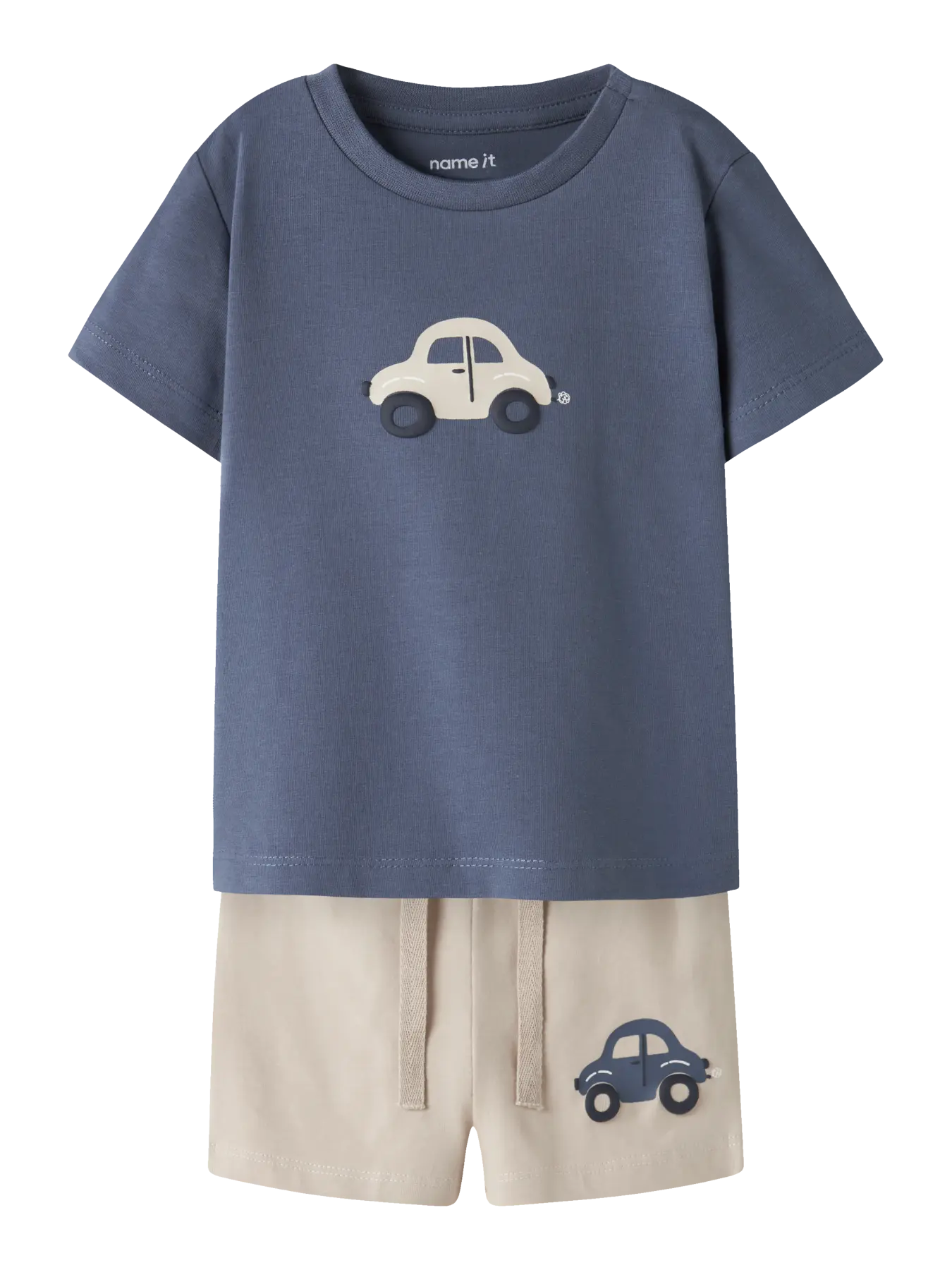 Set med både shorts och tshirt i beige och blått, med en bil som detalj.
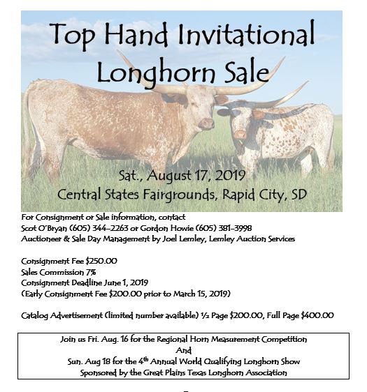 *** If you would rather not drive all the way to Texas to a Longhorn Sale, join us at the Central States Fair for the FIRST Annual Top Hand Invitational Longhorn Sale:
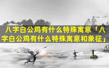 总体而言,八,字白公鸡的寓意没有统一的说法因地区 🐋 文化和个人信仰而异因。此,是,否。具有特殊寓意需 🐦 要根据具体的文化背景和个人理解来判断
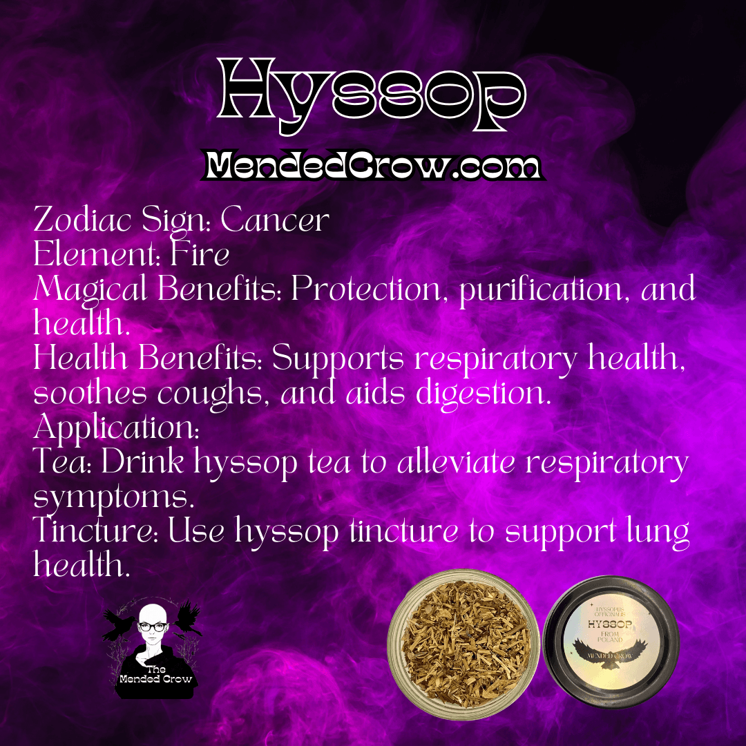 Step into the ancient wisdom of Hyssop, a powerful herb known for its purifying and protective energies. This sacred plant has been used in magickal practices for centuries to cleanse the aura, purify spaces, and guard against negative energies. Revered for its spiritual potency, Hyssop is often used in sacred rituals and baths to promote healing, protection, and emotional release.
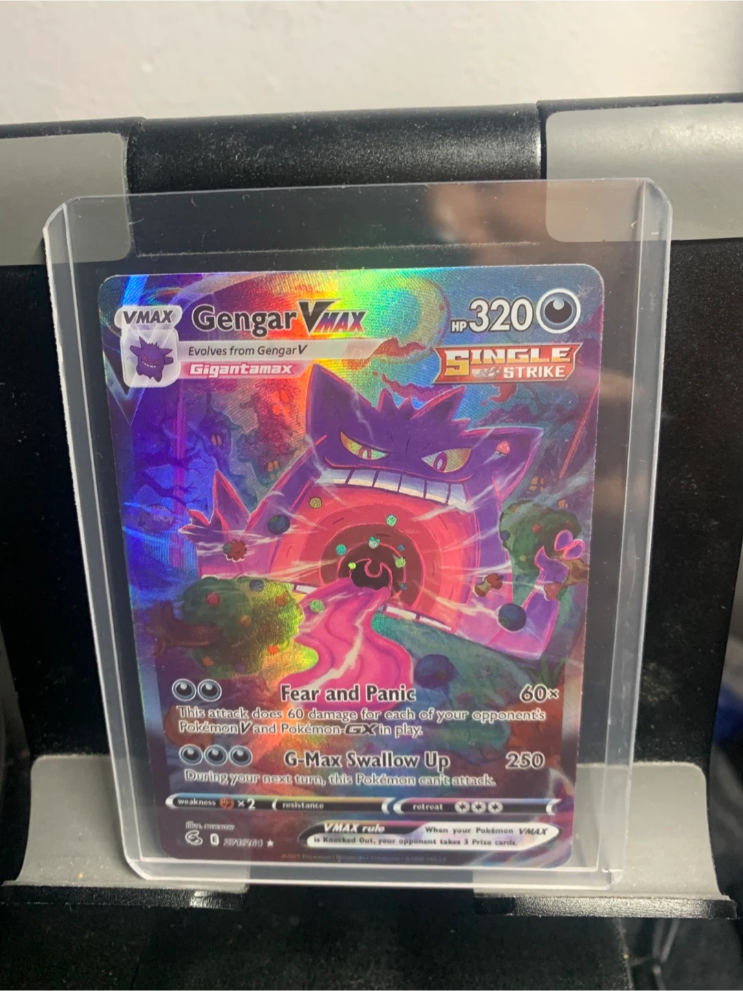 10Selling a Gengar VMAX Pokemon card. It has the Single Strike style and 320 HP. The card features moves like Fear and Panic and G-Max Swallow Up! In 10/10 condition Pick up at my location
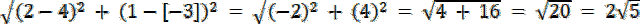 |BC|2 + |AC|2 = |AB|2⇒ 80 + 20 = 100–trójkąt ABC jest prostokątny
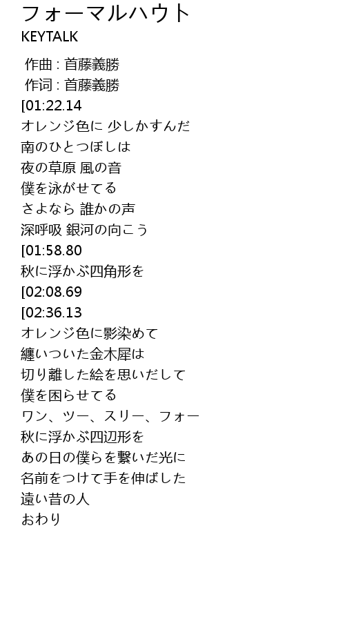 | [02:04.33] | 秋に浮かぶ四辺形を |
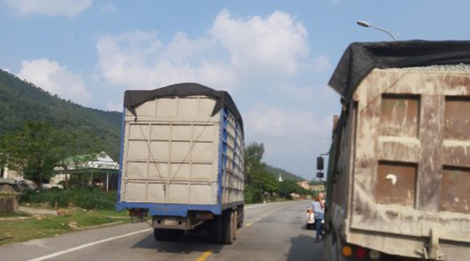 Xe quá tải, quá khổ, phóng nhanh vượt ẩu trên quốc lộ 12C của Tập đoàn Đ.A và CTy TNHH TM A. D. Ảnh: Duy Hưng – Doãn Nghị
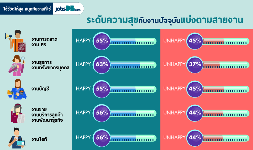 สายงานที่ทำแล้วมีความสุขมากที่สุด คือ งานธุรการและงานบุคคล ซึ่งมีระดับความสุขมากถึง 63% เมื่อเทียบกับกลุ่มคนที่ทำงานการตลาด งาน PR งานบัญชี งานขาย งานบริการลูกค้า งานพัฒนาธุรกิจ และงานไอที ซึ่งมีค่าเฉลี่ยของความสุขอยู่ที่ 50%
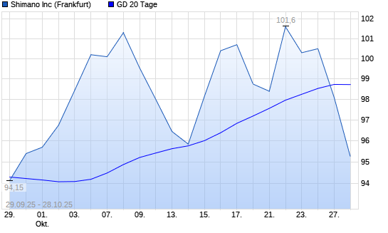 Mit dem Rücksetzer auf 98,10 EUR hat die Shimano-Aktie am 27.10.2025 die 20-Tage-Linie nach unten gekreuzt.Die Shimano-Aktie befindet sich seit dem 22.10.2024 im langfristigen Abwärtstrend ...weiterlesen
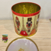 Il famoso tamburo del soldatino schiaccianoci, che diventa un bellissimo barattolo di latta, lavorato in rilievo. Può contenere fino a 4 pacchetti di tè o tisana.
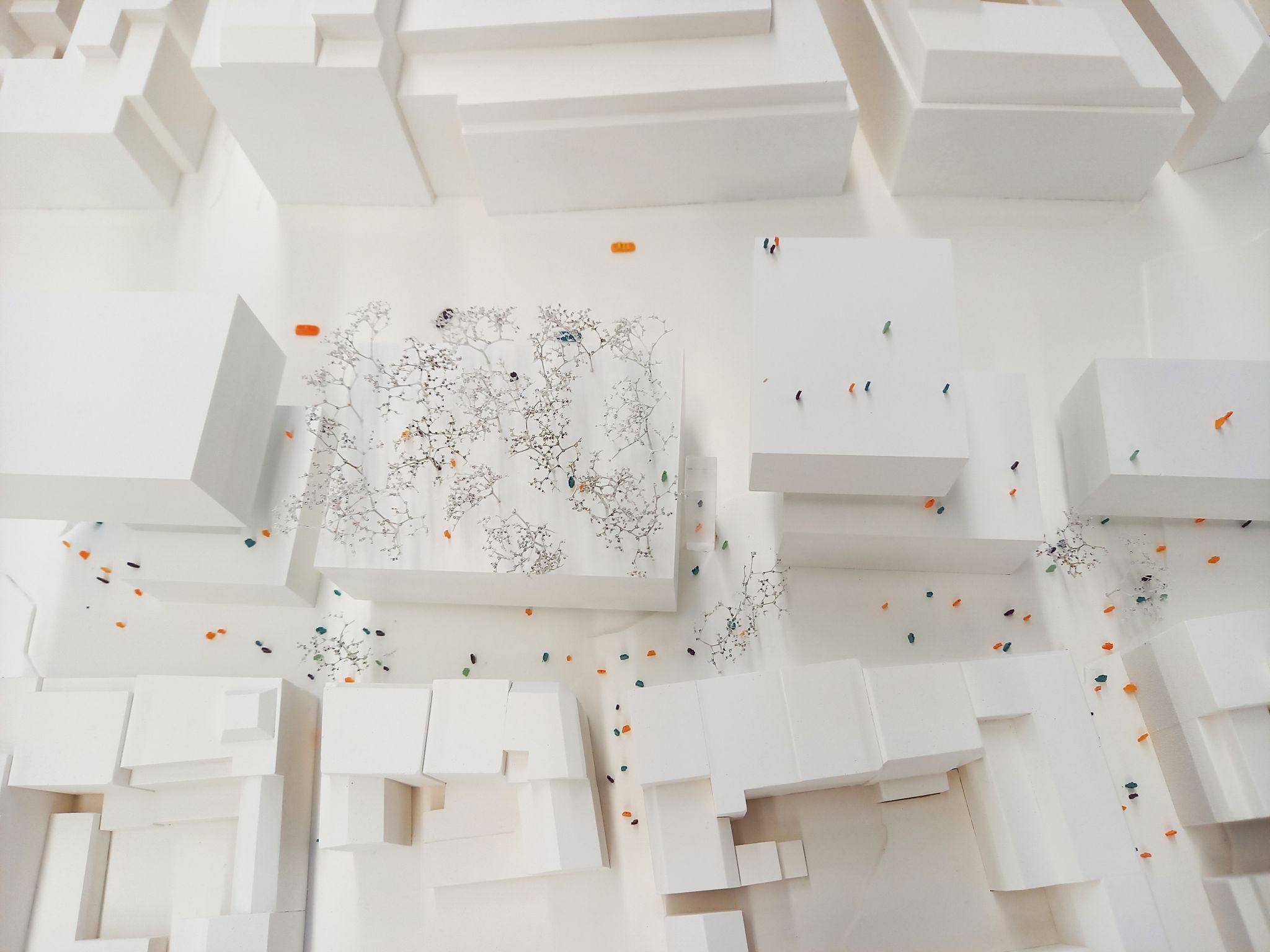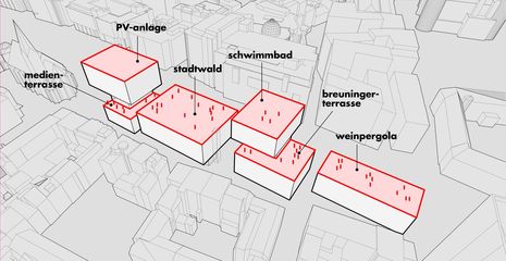 durch das zurückspringen des baukörpers an der fußgängerzone entsteht ein angemessener vorplatz für den neuen baustein. ebenfalls öffentlich und durchgehend zugänglich: das dach auf dem parkhaus. hier gibt es einen dichten stadtwald - dieser spendet frische luft, schatten und bringt echtes wald-feeling in die city.

**Work required**. Beginning with the line above that contains "10Selling a Gengar" and ending with the line that contains "Il famoso tamburo", quote each line exactly, keeping out the pictures.

**Answer to the exercise**.
 10Selling a Gengar VMAX Pokemon card. It has the Single Strike style and 320 HP. The card features moves like Fear and Panic and G-Max Swallow Up! In 10/10 condition Pick up at my location
 |BC|2 + |AC|2 = |AB|2⇒ 80 + 20 = 100–trójkąt ABC jest prostokątny
 | [02:04.33] | 秋に浮かぶ四辺形を |
 Xe quá tải, quá khổ, phóng nhanh vượt ẩu trên quốc lộ 12C của Tập đoàn Đ.A và CTy TNHH TM A. D. Ảnh: Duy Hưng – Doãn Nghị
 สายงานที่ทำแล้วมีความสุขมากที่สุด คือ งานธุรการและงานบุคคล ซึ่งมีระดับความสุขมากถึง 63% เมื่อเทียบกับกลุ่มคนที่ทำงานการตลาด งาน PR งานบัญชี งานขาย งานบริการลูกค้า งานพัฒนาธุรกิจ และงานไอที ซึ่งมีค่าเฉลี่ยของความสุขอยู่ที่ 50%
 Mit dem Rücksetzer auf 98,10 EUR hat die Shimano-Aktie am 27.10.2025 die 20-Tage-Linie nach unten gekreuzt.Die Shimano-Aktie befindet sich seit dem 22.10.2024 im langfristigen Abwärtstrend ...weiterlesen
 Il famoso tamburo del soldatino schiaccianoci, che diventa un bellissimo barattolo di latta, lavorato in rilievo. Può contenere fino a 4 pacchetti di tè o tisana.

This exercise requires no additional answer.